While on the subject of light leaks, there are several images that I’ve shot with my Holga that I refer to as “happy accidents.”  My favorite is that of actor and musician Jason Schwartzman, known for his Wes Anderson films “Rushmore,” “The Darjeerling Limited,” and his HBO show, “Bored to Death.”  I photographed him in the backyard of his friend’s house.  I found a wooden lawn chair that had a nice design and photographed the actor seated in it.  I try to photograph my subjects dead center with the Holga, where the image has the greatest chance of being sharp.  It also creates a nice vignette around the subject. After having my film processed, I found one frame that had a complete light leak causing the whole image to go red.

When photographing Oscar-nominated British director Mike Leigh, I used the Lomo camera with four lenses. I told Leigh that I loved the improvisational nature of his movies, so I brought an improvisational camera. He immediately became excited and asked, “What do you want me to do?”  I told him to walk away from me, walk toward me.  It’s always fun to direct the director. He started walking around me, running back toward me and eventually hiding behind a cactus and peering out occasionally.  This funny dance between photographer and subject went on for 10 minutes under the watchful eyes of other celebrities having breakfast in the courtyard at the Chateau Marmont. Leigh was so excited he said, “Let’s go down to Sunset Boulevard and see what we can come up with.” The brief 10 minutes that photographers are usually allotted turned into a nice little adventure.

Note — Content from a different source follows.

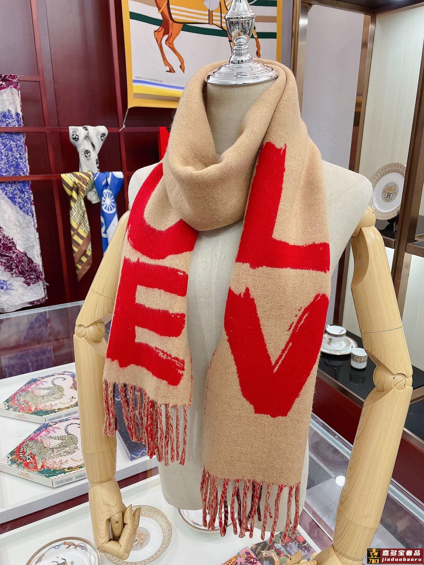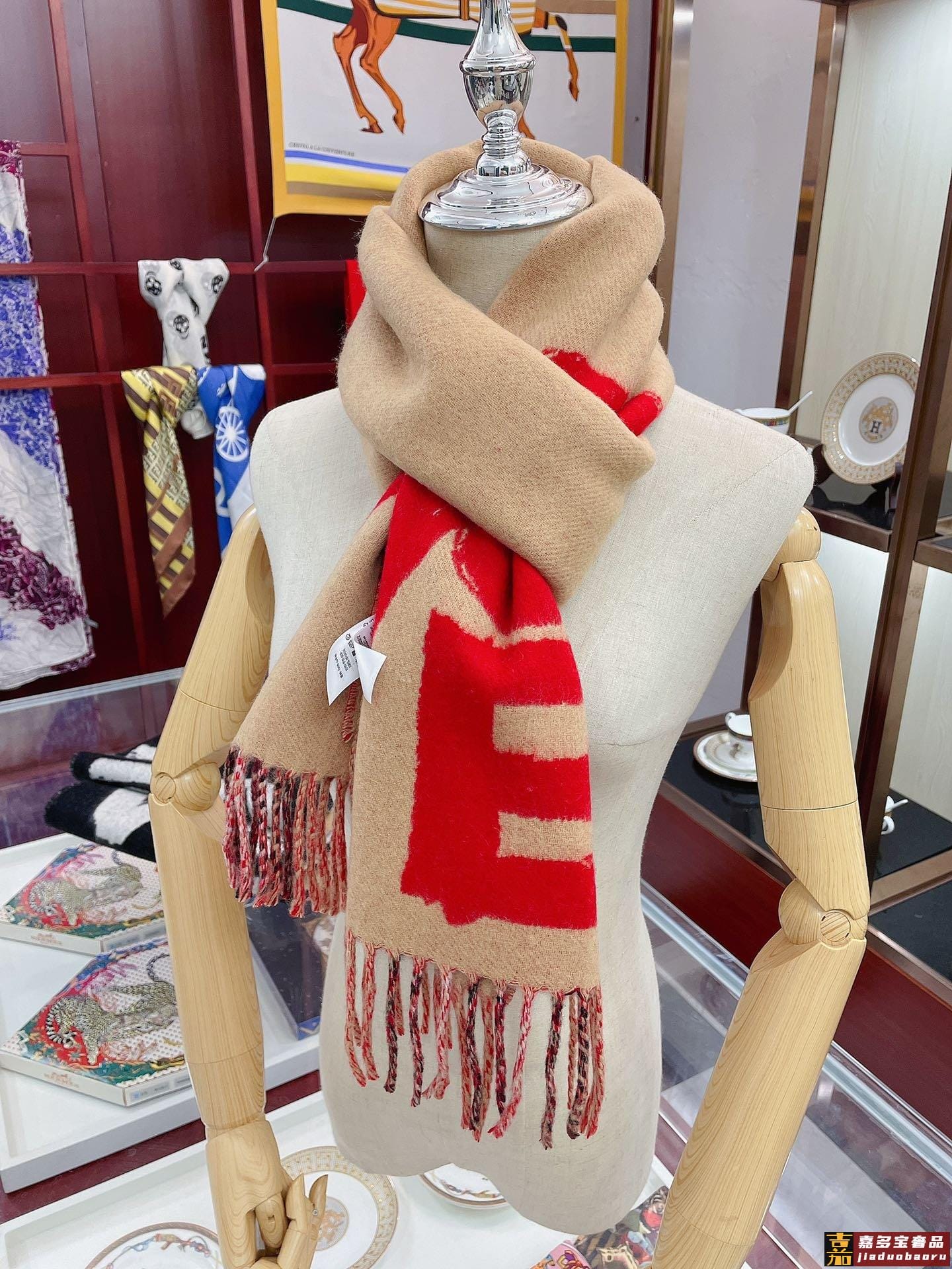 典雅高贵婴儿般的柔软触感同步专柜立体手袋印花羊绒长巾巧妙利用

There is a series of portraits that I’ve made with the Holga that I call “The 180 Series.”  These are triple exposures that illustrate the three sides of a celebrity’s face. The ones on display on this blog are of actor Ian McShane, actress Betty White and record producer Rick Rubin.  I always try and find an interesting background that will work to give the image texture. Depending on how much time the subject will give me, I can usually get a few chances at this.  With British actor Ian McShane I wanted to come up with a photo that illustrated the pious yet sinister side of his latest character as a power-mad bishop in the Starz miniseries, “Pillars of the Earth.” With record producer Rick Rubin I was hoping to make an image that was more ethereal and reflective of his mystical self. And with Betty White I just wanted to capture her playful, up-for-anything attitude. At the end of the shoot with White, I told her that our next photo session would feature her in a white leather outfit posing on a white BMW motorcycle.  Her response: “That sounds like fun. Let’s do it.”

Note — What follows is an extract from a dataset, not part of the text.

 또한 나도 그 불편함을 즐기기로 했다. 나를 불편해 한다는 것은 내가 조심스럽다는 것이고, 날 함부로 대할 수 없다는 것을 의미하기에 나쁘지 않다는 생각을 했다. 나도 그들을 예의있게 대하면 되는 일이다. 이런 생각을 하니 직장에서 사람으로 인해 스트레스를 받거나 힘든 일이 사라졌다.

My best advice to someone who wants to use a toy camera in a professional way is, “Practice, practice and practice.” Each camera has its own quirks. So it’s best to keep a notebook of which films and lighting situations were used to achieve a certain effect or exposure. Always carry several rolls of film with various speeds (ASA or ISO) so you’re ready to work under different lighting conditions.

And above all, just have fun and remember that toy cameras can make you feel young at heart.

Here are some other photographers who use the Holga creatively: Thomas Michael Alleman, Brigitte Dale, Lorena Villegas and Ann Texter. More of Molina’s work can be seen here.

6 Comments

  1. September 23, 2010, 2:12 pm

    Very cool stuff. Way to think outside the box.

    By: James
  2. September 23, 2010, 9:36 pm

    using the Holga in those situations is as close as you can get to photographic courage – awesome work.

    By: agarcia@tribune.com
  3. September 24, 2010, 9:10 am

    Where can we see the Doors photo?

    By: Randy
  4. September 24, 2010, 1:57 pm

    The Doors image can be found in the photo gallery at the top of the post. It's image #2. Here's the direct link http://framework.latimes.com/2010/09/23/still-pla

    By: Alan Hagman
  5. February 2, 2011, 7:31 am

    Needless to say, what a good web site and informative posts, I’ll add backlink – bookmark this site? Regards,

    Reader.

  6. May 22, 2012, 10:33 pm

    I like how you even left the Newton's rings on the photo of Jamie Foxx.